Bibble Pro is considerably faster and with their search interface is it easier to create powerful searches. You can also work with unmanaged images with is a nice bonus for some tasks or when other people send you images to look or modify for them.
In the end I had two issues with it, one was some EXIF strangeness and the other was that it could not import large panoramas (a work-around is possible but time-consuming). The actual showstopper for me was that they did not answer my support calls, emails and faxes, giving me the impression that they do not care much. This may be an isolated incident but something to consider.
Finally I choose Lightroom and I am happy with it. It is powerful, flexible and mostly intuitive. There is also a lot of information and literature on it as well. While I really preferred Bibble's interface, I cannot say there is anything truly problematic with how Lightroom works. The lack of a fit-to-full-screen view still bugs me though.
Note that there are many features that I do not use and which I can therefore not compare: printing, slideshow, publish to website (once I did in Lightroom). I also only do extremely basic changes to my images, most cropping, some rotation and color changes.

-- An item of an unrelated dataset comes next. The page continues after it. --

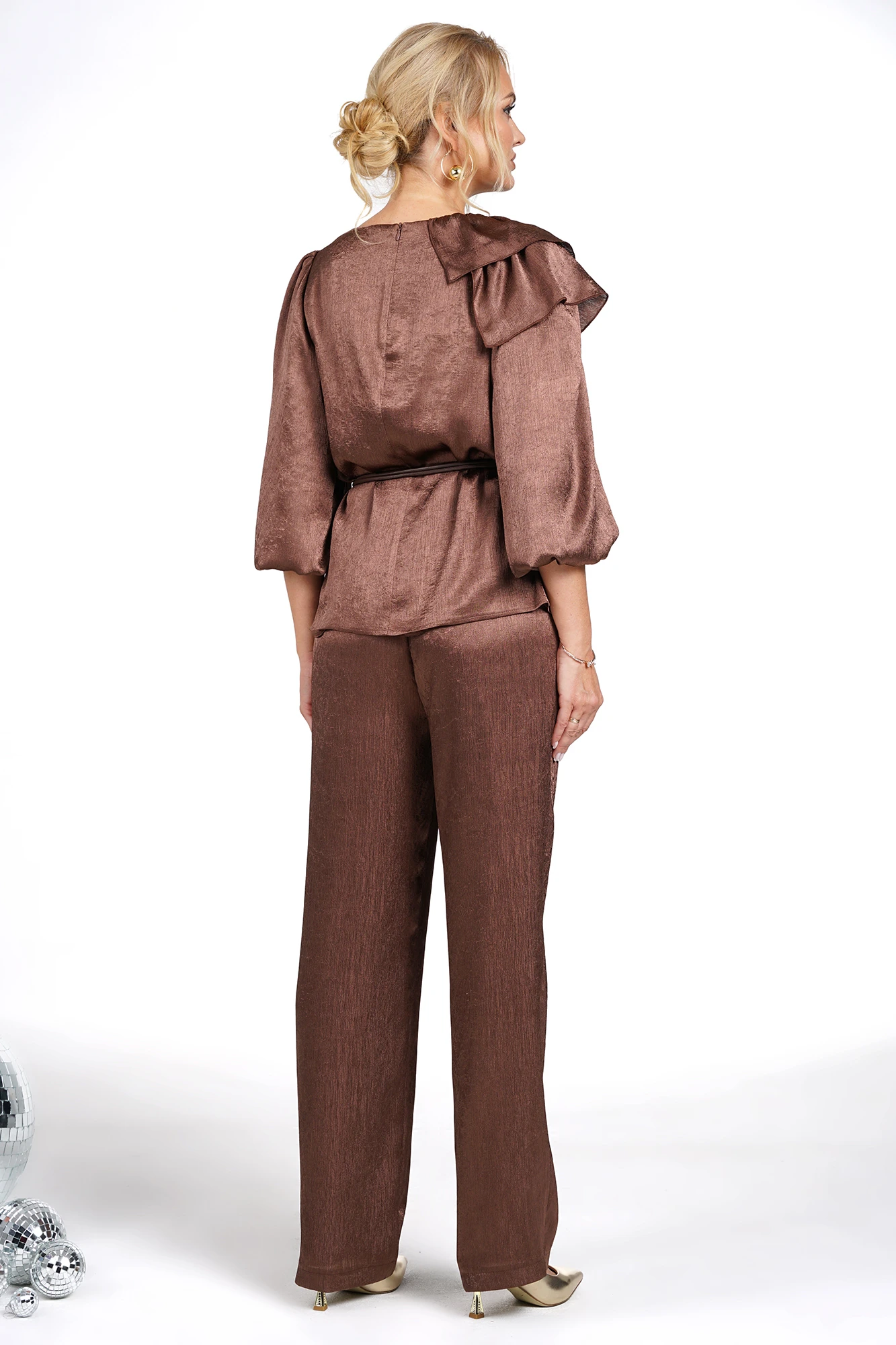 Блуза прямого силуэта, с застёжкой на потайную молнию в среднем шве спинки в дополнении ремень. Перед с нагрудными выточками и рельефным швом, декорированный воланами. Рукава на подкладке, втачные, одношовные, длиной 3/4, понизу объёмной формы, по окату и низу со сборкой.

You can read a basic overview of the DAM aspect of Lightroom, Bibble Pro (and a several other software) in my DAM Software Article. It may help you compare them.

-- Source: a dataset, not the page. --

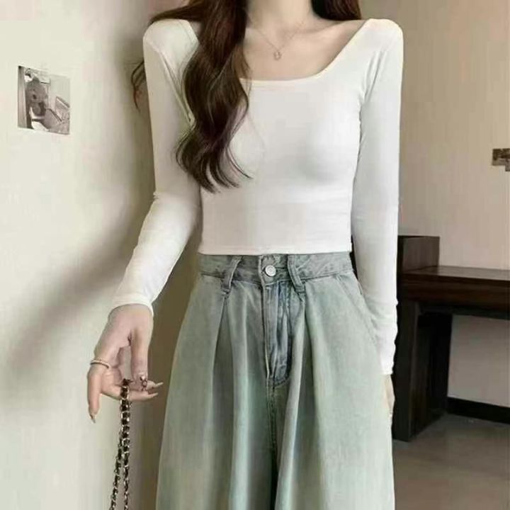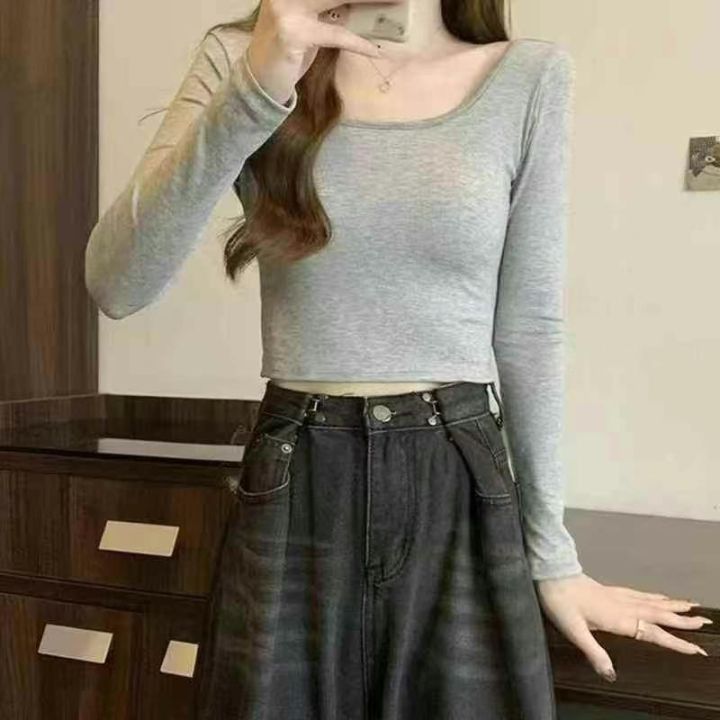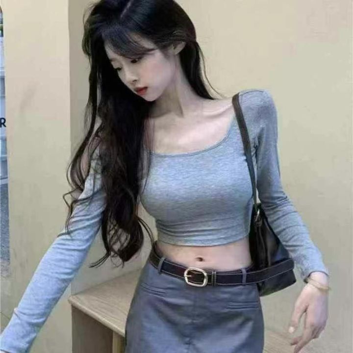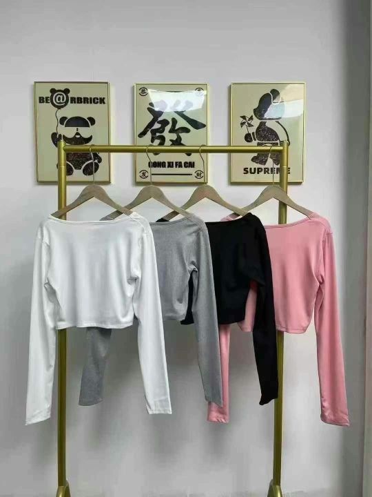 天猫在售款2150件左右高品质冰丝螺纹靓妹短款长袖T恤,高弹力,单款四色,S-XL,全新货三件一包装

Originally by user1620. Source · Licensed CC BY-SA 4.0
user1620
15y ago
0
Generated from our catalog & community — verify before relying on it.
From the shared experience here, Bibble Pro and Lightroom were the two standout options in a long evaluation of photo-management/editing software.
The main advantages noted for Bibble Pro were speed and a strong search interface, plus the ability to work with unmanaged images, which can be useful for one-off edits or reviewing files sent by others.
The drawbacks reported for Bibble Pro were more serious: some EXIF/metadata quirks, trouble importing very large panoramas unless you use a time-consuming workaround, and poor vendor support responsiveness. For that user, the lack of support was the deciding factor against switching.
So the practical summary is:
- Bibble Pro: faster, flexible, Linux-friendly, good search tools
- Lightroom: still a top-tier choice, and likely the safer option if you value reliability, smoother metadata handling, and stronger support/ecosystem
If Linux compatibility is a priority, Bibble Pro may be worth considering, but based on this feedback, Lightroom remained the better long-term fit overall.